100%|██████████| 9.91M/9.91M [00:01<00:00, 6.11MB/s]
100%|██████████| 28.9k/28.9k [00:00<00:00, 160kB/s]
100%|██████████| 1.65M/1.65M [00:01<00:00, 1.52MB/s]
100%|██████████| 4.54k/4.54k [00:00<00:00, 9.71MB/s]


## Simple Neural Network

In [23]:
class SimpleNN(nn.Module):
    def __init__(self, hidden_size_1=1000, hidden_size_2=2000):
        super().__init__()
        self.linear1 = nn.Linear(28*28, hidden_size_1)
        self.linear2 = nn.Linear(hidden_size_1, hidden_size_2)
        self.linear3 = nn.Linear(hidden_size_2, 10)
        self.relu = nn.ReLU()

    def forward(self, img):
        x = img.view(-1, 28*28)
        x = self.relu(self.linear1(x))
        x = self.relu(self.linear2(x))
        x = self.linear3(x)
        return x

simple_nn = SimpleNN().to(device)

### vanila SGD from scratch

In [5]:
class SGD:
    def __init__(self, parameters, lr: float = 0.01):

        self.params = parameters  # Store references to parameters
        self.lr = lr  # Learning rate

    def zero_grad(self):
        """Clear gradients of all parameters"""
        for param in self.params:
            # Check if parameter has gradients
            if param.grad is not None:
                # Set gradient tensor to zeros (in-place)
                param.grad.zero_()

    def step(self):
        """Update parameters using gradients"""
        for param in self.params:
            # Skip parameters without gradients
            if param.grad is None:
                continue

            # SGD update rule: param = param - lr * gradient
            # .data accesses the tensor data without affecting gradient computation
            param.data = param.data - self.lr * param.grad

## Trainer

In [6]:
cross_el = nn.CrossEntropyLoss()
optimizer = torch.optim.AdamW(simple_nn.parameters())
epochs = 1

losses = []
val_losses = []
j = 0

for i in range(epochs):

    simple_nn.train()          # activate train mode

    for x , y in iter(train_loader):
        x,y = x.to(device),y.to(device)  # move to device

        logits = simple_nn(x)
        loss = cross_el(logits,y)

        optimizer.zero_grad()  # param.grad = 0
        loss.backward()        # update param.grad
        optimizer.step()       # update param.data



        # validation
        if j%100==0:
            total_val_loss,k  = 0,0
            simple_nn.eval()

            with torch.no_grad():
                for a,b in iter(test_loader):
                    a,b = a.to(device),b.to(device)

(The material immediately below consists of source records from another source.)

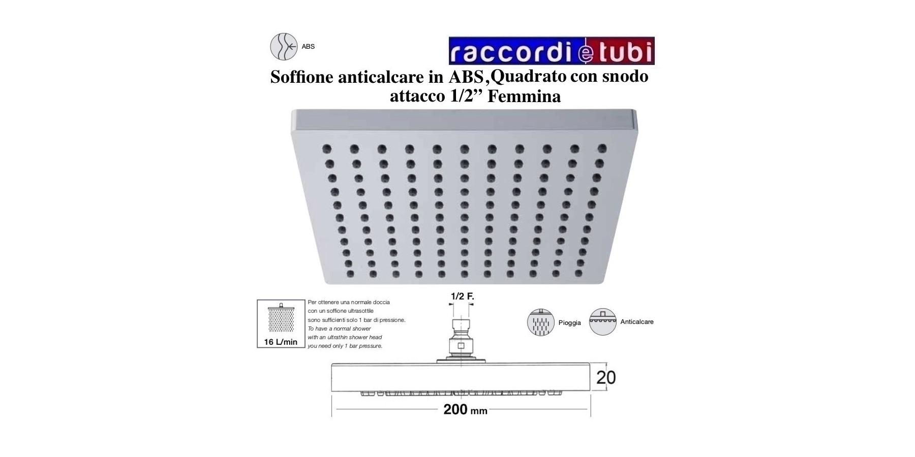 QUADRATISCHER ANTIKALK-DUSCHKOPF AUS ABS 200X200 mm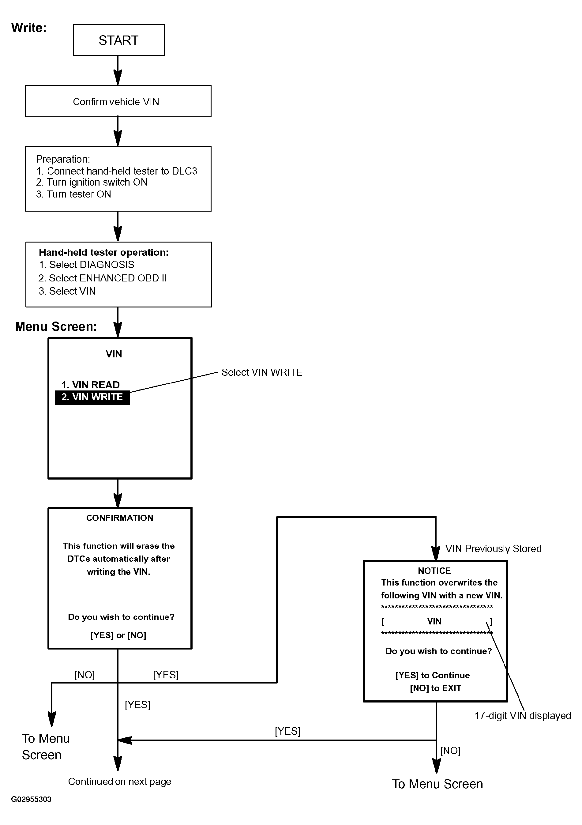 - Write VIN: Explains the VIN writing process in Fig 2. This process allows the VIN to be input into the ECM. If the ECM is changed, or the VIN and VIN do not match, the VIN can be registered, or overwritten in the ECM by following this procedure.
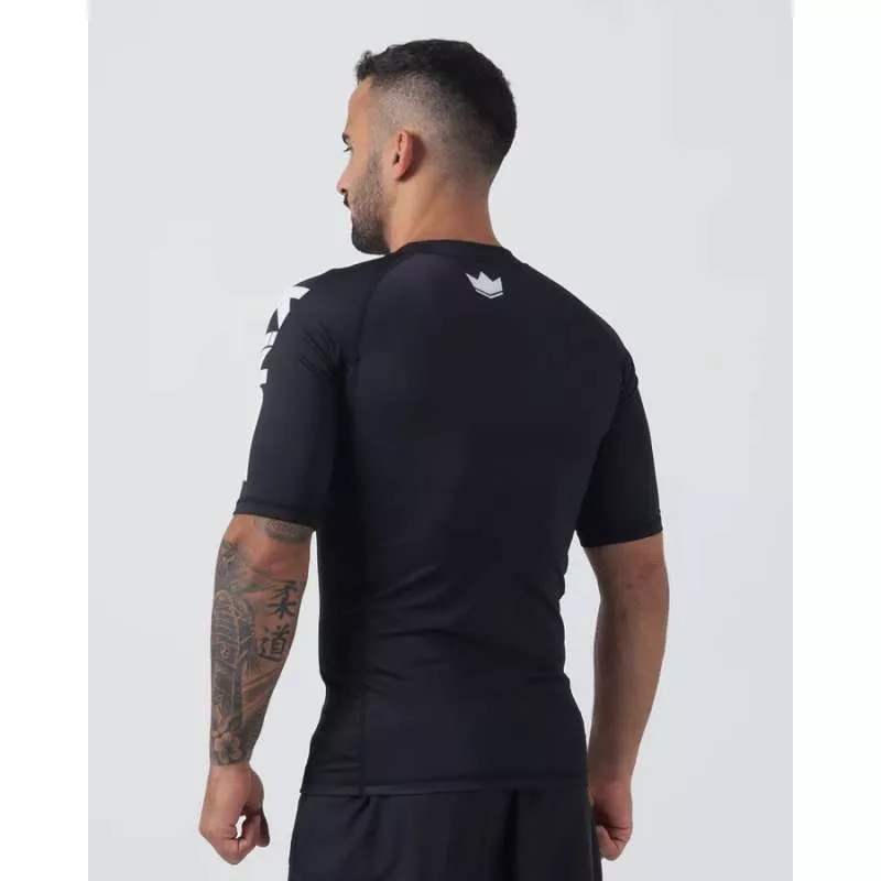 Caractéristiques: Le rashguard noir à manches courtes Kingz est composé de 90 % de polyester et de 10 % d’élasthanne pour un ajustement parfait au contact de la peau. Tissu durable et graphiques sublimés pour une résistance accrue. Col rond et manches courtes. Noir avec détails de la marque en blanc.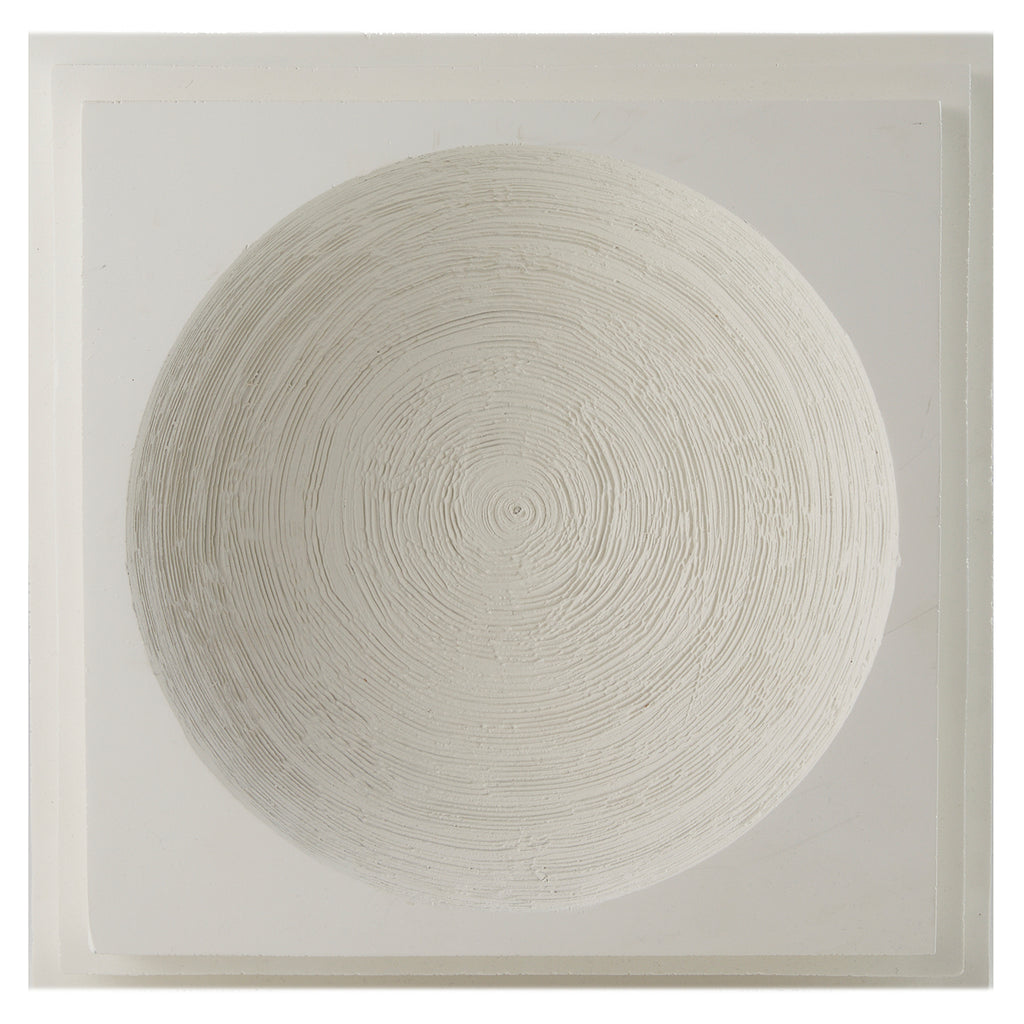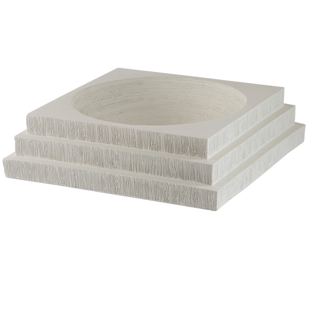 Our stepped centerpiece was designed with the same eye for classical forms as an ancient pyramid or architectural pedestal. This white resin form has a circular dip in the center, enhanced with contrasting matte texture line details. Finish will vary.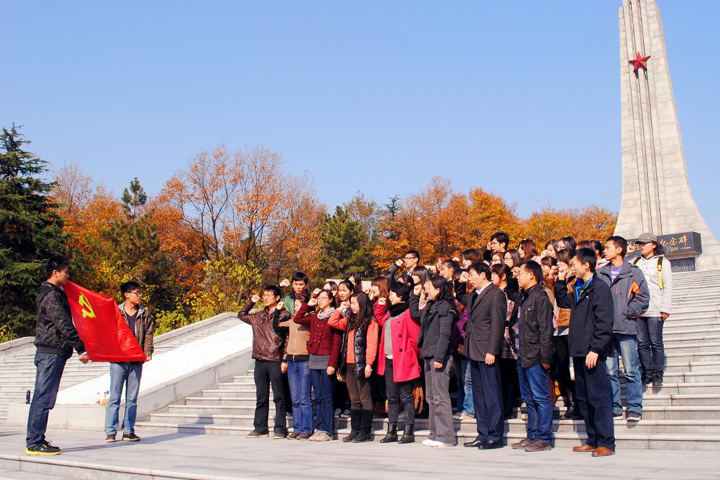 参观过程中,竹沟纪念馆内陈列展出的与竹沟根据地有关的实物、图片、绘画、文字、模拟场景、雕塑等物品,全面、准确地反映了竹沟革命根据地形成的过程和抗战时期中共中央中原局在竹沟领导中原人民发挥的重要历史作用,真实、形象、生动地再现了刘少奇、李先念、彭雪枫、王国华、周骏鸣等老一辈无产阶级革命家的光辉业绩,为在场的师生党员们再现了抗日军民在中国共产党领导下,奔赴前线开展斗争的宏伟场面,全面、细致、深入地重温了我党建设发展的红色革命历史。在竹沟烈士陵园内,仰望着笔挺耸立的纪念碑,回忆着艰苦卓绝的革命斗争年代,美术学院师生党员心中对革命先烈们的崇敬与爱戴不禁涌上心头,自发地在烈士陵园内举起右拳、面对党旗开展了重温入党誓词活动。在缅怀革命先烈的同时,自己更加坚定了努力工作、刻苦学习的责任意识,用实际行动积极投身到中国特色社会主义建设的浪潮中去。

                    out = simple_nn(a)
                    error = F.cross_entropy(out,b)

                    k+=1
                    total_val_loss+=error.item()

                val_losses.append(total_val_loss/k)
            simple_nn.train()


        # extra
        loss = loss.item()
        losses.append(loss)
        j+=1
        if j% 1000==0:
            print(f'{j} loss: {loss}')



1000 loss: 0.05644175410270691


KeyboardInterrupt: 

In [None]:
plt.plot(losses)
plt.plot(val_losses)

In [49]:
simple_nn.state_dict().keys()

odict_keys(['linear1.weight', 'linear1.bias', 'linear2.weight', 'linear2.bias', 'linear3.weight', 'linear3.bias'])

In [60]:
next(iter(simple_nn.parameters()))

Parameter containing:
tensor([[-0.0242, -0.0309, -0.0184,  ..., -0.0270, -0.0259,  0.0354],
        [ 0.0036,  0.0334, -0.0028,  ...,  0.0171, -0.0355, -0.0274],
        [ 0.0137,  0.0197,  0.0243,  ...,  0.0232, -0.0323,  0.0021],
        ...,
        [-0.0055, -0.0012, -0.0032,  ...,  0.0128,  0.0101,  0.0280],
        [-0.0236, -0.0075,  0.0189,  ...,  0.0004,  0.0069,  0.0291],
        [-0.0227, -0.0200,  0.0302,  ...,  0.0206,  0.0128,  0.0034]],
       requires_grad=True)

In [61]:
next(iter(simple_nn.named_parameters()))     # contain name

('linear1.weight',
 Parameter containing:
 tensor([[-0.0242, -0.0309, -0.0184,  ..., -0.0270, -0.0259,  0.0354],
         [ 0.0036,  0.0334, -0.0028,  ...,  0.0171, -0.0355, -0.0274],
         [ 0.0137,  0.0197,  0.0243,  ...,  0.0232, -0.0323,  0.0021],
         ...,
         [-0.0055, -0.0012, -0.0032,  ...,  0.0128,  0.0101,  0.0280],
         [-0.0236, -0.0075,  0.0189,  ...,  0.0004,  0.0069,  0.0291],
         [-0.0227, -0.0200,  0.0302,  ...,  0.0206,  0.0128,  0.0034]],
        requires_grad=True))

In [65]:
next(iter(simple_nn.named_modules()))     # contain name

('',
 SimpleNN(
   (linear1): Linear(in_features=784, out_features=1000, bias=True)
   (linear2): Linear(in_features=1000, out_features=2000, bias=True)
   (linear3): Linear(in_features=2000, out_features=10, bias=True)
   (relu): ReLU()
 ))

## LoRA

In [20]:
class LoRALayer(nn.Module):

    def __init__(self,fan_in , fan_out, r=1,alpha=1 ):
        super().__init__()

        # random Gaussian initialization for A and zero for B
        # ∆W = BA is zero at the beginning of training

        self.A = nn.Parameter(torch.randn(r,fan_out)).to(device)
        self.B = nn.Parameter(torch.zeros(fan_in,r)).to(device)

        self.scale = alpha / r
        self.enabled = True


    def forward(self,original_weights):

        if self.enabled:
            return original_weights + self.scale* (self.B @ self.A)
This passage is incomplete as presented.